Data extracted from a collection:

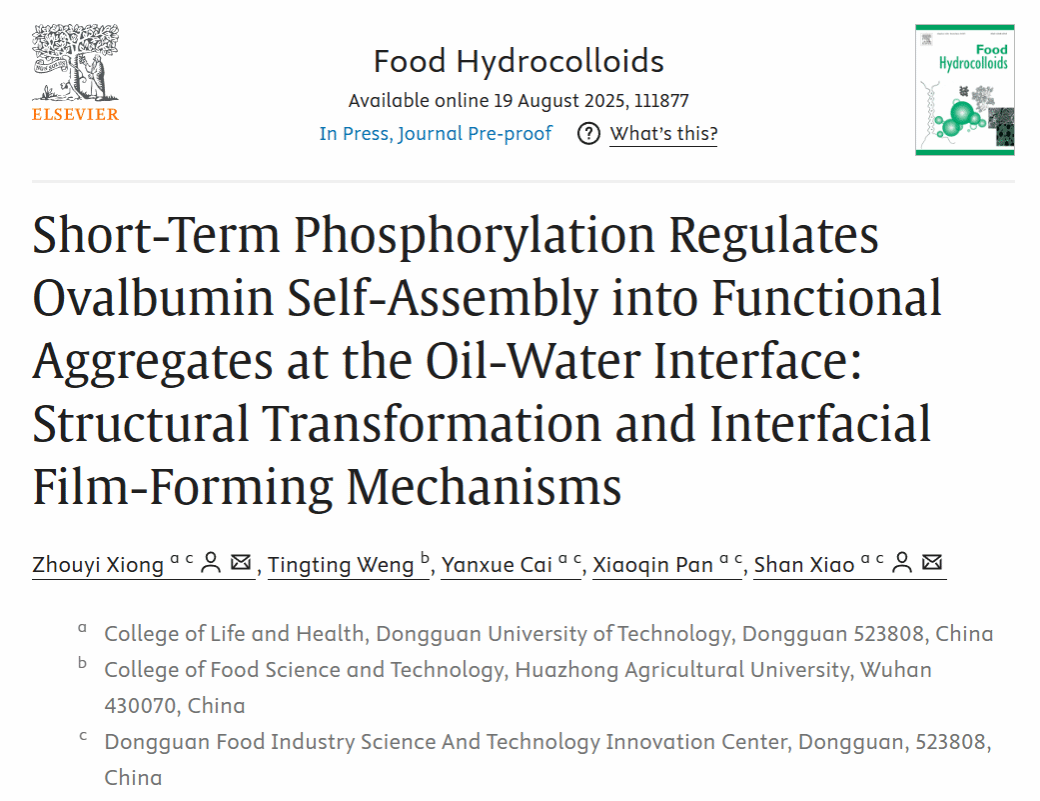 2025年8月,我院肖珊教授团队于国际食品顶级期刊《Food Hydrocolloids》(IF = 12.4)在线发表题为“Short-Term Phosphorylation Regulates Ovalbumin Self-Assembly into Functional Aggregates at the Oil-Water Interface: Structural Transformation and Interfacial Film-Forming Mechanisms”的研究性文章。论文第一作者为熊舟翼特聘副研究员,共同通讯作者为肖珊教授。
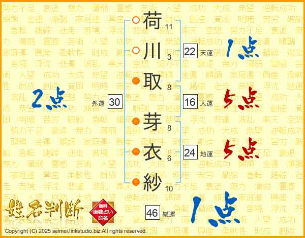 荷(11画)川(3画)取(8画) 芽(8画)衣(6画)紗(10画)
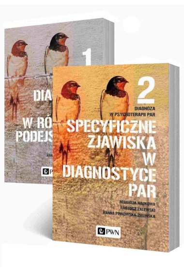 Diagnoza w psychoterapii par. Tom 1: Diagnoza par w różnych podejściach to polifonia psychoterapeutów par pracujących w różnorodnych nurtach teoretycznych. W kolejnych rozdziałach omówiona została specyfika pracy diagnostycznej psychoterapeuty z perspektywy różnych teorii psychoterapii par: systemowej, psychoanalitycznej, narracyjnej terapii więzi, skoncentrowanej na emocjach i poznawczo-behawioralnej. Treść tych rozdziałów pozwala dostrzec różnice w sposobie rozumienia i interpretacji problemów, z którymi zgłaszają się osoby doświadczające trudności w swoich związkach, a także określić miejsce pracy diagnostycznej w procesie terapeutycznym. Drugi tom Diagnozy w psychoterapii par poświęcony jest specyficznym zjawiskom zachodzącym w procesie diagnozowania bliskich związków. Autorzy, wywodzący się ze środowiska polskich psychoterapeutów, przybliżyli szczególne, nieczęsto opisywane w literaturze dylematy diagnostyczne, zjawiska i procesy, które pojawiają się na tym etapie pomocy terapeutycznej. Czytelnicy znajdą tu narzędzia pomocne m.in. w lepszym rozumieniu dynamiki relacji czy analizie stanów emocjonalnych obecnych w związku. Przybliżono ponadto specyfikę pracy z parami jednopłciowymi, międzykulturowymi czy odesłanymi przez instytucje, czyli niewolontaryjnymi. Diagnostyczny etap pracy terapeutycznej został tu przedstawiony nie tylko z perspektywy doświadczonych psychoterapeutów-superwizorów. Opisano także trudności, z jakimi borykają się osoby, które dopiero rozpoczynają pracę z parami. Autorzy wskazali ponadto pytania i problemy, których rozstrzygnięcie wymaga dalszej pracy badawczej i koncepcyjnej, a także merytorycznej dyskusji w środowisku psychoterapeutów.
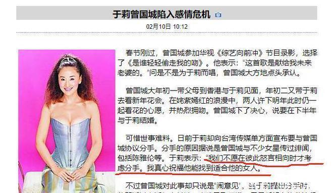 据说是因为曾国城始终没有改掉拈花惹草的毛病,于莉忍无可忍直接分手。
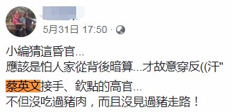 也有人怒骂:“蔡英文接手、钦点的高官...不但没吃过猪肉,而且没见过猪走路!”
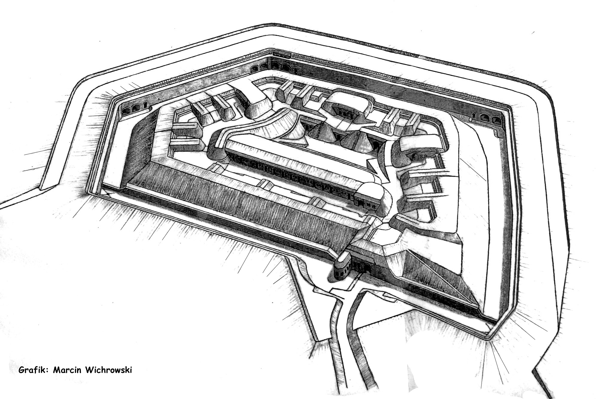 Als das Fort 1888-1890 erbaut wurde, war das Ingenieurkorps der Armee nicht mehr an die strengen Richtlinien des General Biehler gebunden. So konnten die neuesten Erkenntnisse beim Bau des Forts berücksichtigt werden. Das Fort wurde daher als geschlossene fünfseitige Redoute erbaut. Ähnlich wie im Fort Säpzig wurden auch im Fort Tschernow die Bauarbeiten auf das notwendigste reduziert. Die schußsichere Kehlkaserne errichtete man erst 1914 im Zuge der Armierungsarbeiten. Das Fort wurde für eine Kompanie Infanterie und Artillerie konzipiert. Der Kampfraum der Infanterie war der gedeckte Weg und der Wall des Forts, während die Artillerie auf den Geschützbänken im Fortinnereren Stellung bezog. Über die Nutzung des Forts bis 1945 ist nichts bekannt. Nach dem Krieg wurde das Fort militärisch nicht verwendet und der örtliche Bürgermeister ließ das Fort bis in die 50er Jahre hinein zur Baustoffgewinnung abreißen. Die äußeren Bauten sind zum großen Teil vernichtet. Lediglich die Hauptpoterne mit dem Pulvermagazin und der darüberliegenden Munitionstraverse sind erhalten. | |
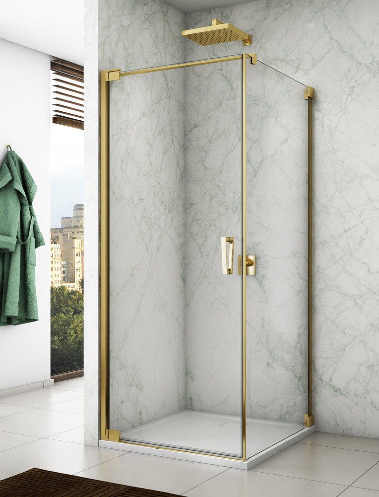 New Trendy Prime Light Gold Kabina Kwadratowa Przyścienna U 90x90x200 Przezroczyste 6mm Active...
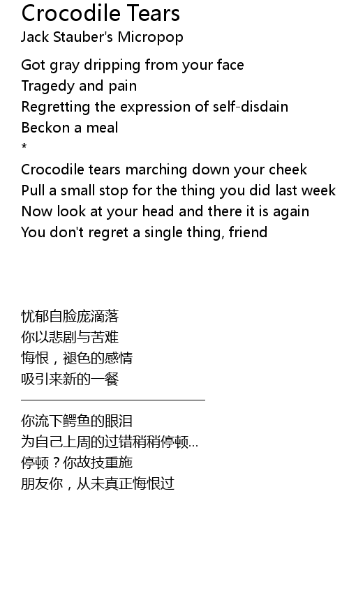 | [00:15.73] | Crocodile tears marching down your cheek |
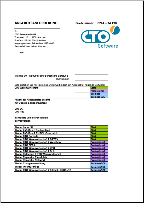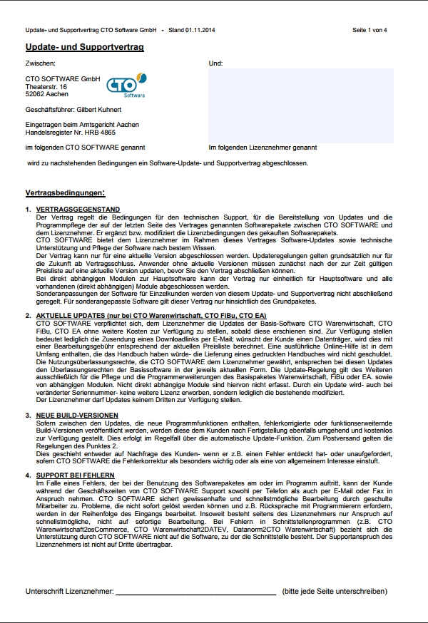 Gegenstand des Auftrags sind die Rechte und Pflichten der Vertragsparteien im Hinblick auf die Verarbeitung personenbezogener Daten im Sinne der EU-DSGVO. Diese erfolgt durch die CTO  Software, im Regelfall bei der Wahrnehmung der Fernwartung, Durchführung von Datenanalyse zur Fehlerbehebung und zur Datenreparatur sowie zur Durchführung von Systemupdates oder beim Einspielen von sonderangepasster Software.
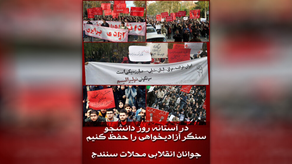 ما جوانان انقلابی محلات سنه با خواست آزادی کلیهی زندانیان و دستگیرشدگان اخیر، لغو حکم اعدام و دفاع از حق آزادی اعتراض و اعتصاب و اتمام فضای سرکوب و خفقان و برابری زن و مرد به پیشواز روز دانشجو میرویم و خواهان محاکمهی تمامی مسببین کشتارهای اخیر از زاهدان تا کوردستان هستیم و دوشادوش کارگران، معلمان، دانشجویان و سایر جنبشهای پیشرو در جامعه مبارزه تا سرنگونی حاکمیت جمهوری اسلامی و برپایی یک دنیای آزاد و برابر را ادامه خواهیم داد.
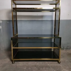 70s TV cabinet desk in brass and smoked glass Romeo Rega Willy Rizzo style
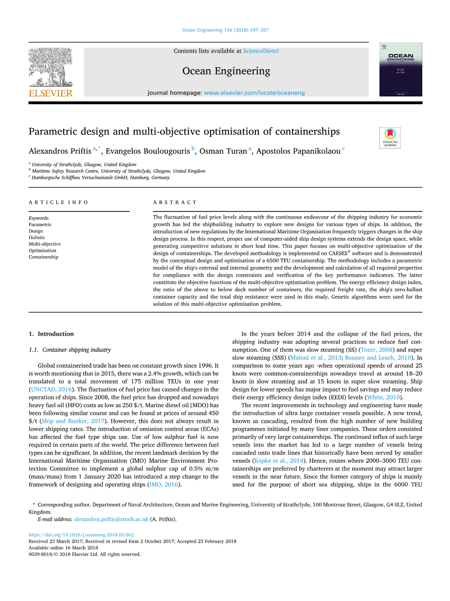 1200箱支线集装箱船主机选型及动装设计外文翻译资料 2021-12-15 21:56:52 英语原文共 26 页 英语原文共 11 页资料编号:[5184] 原文和译文剩余内容已隐藏,您需要先支付 30元 才能查看原文和译文全部内容!立即支付 发小红书推广免费获取该资料资格。点击链接进入获取推广文案即可: Ai一键组稿 | 降AI率 | 降重复率 | 论文一键排版 PREVIOUS NEXT 您可能感兴趣的文章 9000吨供油船机舱设备选型与热平衡分析外文翻译资料 沿海高速客船机舱设备选型及经济性分析外文翻译资料 海.上溢油应急技术外文翻译资料 可变压缩比柴油发动机的效率和生态特征外文翻译资料 高速船 第4部分 船舶系统和设备外文翻译资料 14平衡常数 外文翻译资料 敞水中空化螺旋桨和喷嘴式全 回转推进器的CFD研究外文翻译资料 生物燃料及其二元(柴油-生物柴油)和三元(乙醇生物柴 油-柴油)混合燃料在内燃机减排上的作用外文翻译资料 游轮发电厂优化和比较分析外文翻译资料 内燃机最优放热率计算外文翻译资料
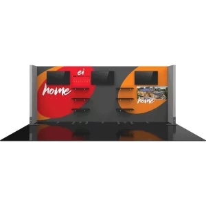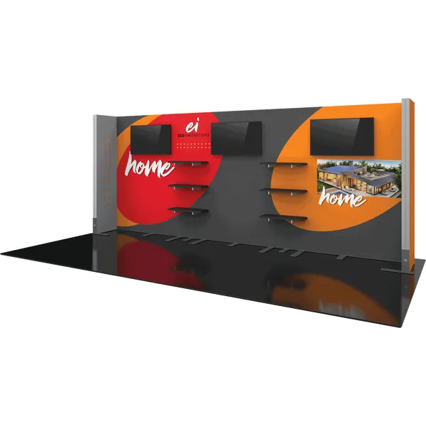 Modular Kit 22 is a 20′ inline modular exhibit with lots of bells and whistles. The center wall accommodates up to three medium to large size monitors for multimedia display. Six shelves hold small products for demonstration and display. The sidewalls add privacy and include graphics that face inside and outside of the booth, adding additional real estate for branding and messaging. Create an impact with this impressive 20′ inline exhibit!
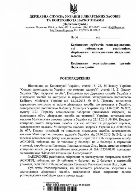 Речь идет о Аскоріл таблетки по 10 таблеток в блистере серии 05181756. Производителем лекарства является Гленмарк Фармасьютикалз Лтд., Индия, сообщает Государственная служба Украины по лекарственным средствам и контролю за наркотиками.
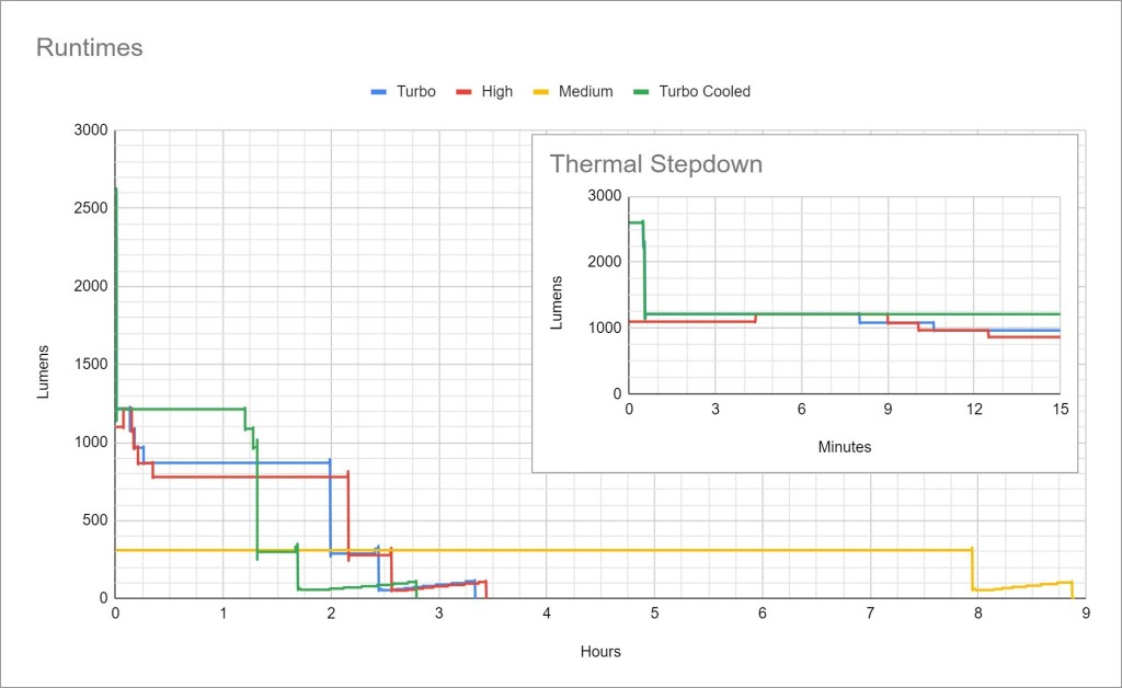 Thermal regulation is present, to an extent. Turbo stepdown is timed, regardless of temperature. My Turbo Cooled test shows significantly higher sustained output, but it’s capped at 1200lm.

_Task goal_: Repeat only what lies between the start of the data and the end of the line containing "荷(11画)川(3画)取(8画) 芽(8画)衣(6画)紗(10画)", exactly, with pictures left out.

_Answer section_:
 2025年8月,我院肖珊教授团队于国际食品顶级期刊《Food Hydrocolloids》(IF = 12.4)在线发表题为“Short-Term Phosphorylation Regulates Ovalbumin Self-Assembly into Functional Aggregates at the Oil-Water Interface: Structural Transformation and Interfacial Film-Forming Mechanisms”的研究性文章。论文第一作者为熊舟翼特聘副研究员,共同通讯作者为肖珊教授。
 荷(11画)川(3画)取(8画) 芽(8画)衣(6画)紗(10画)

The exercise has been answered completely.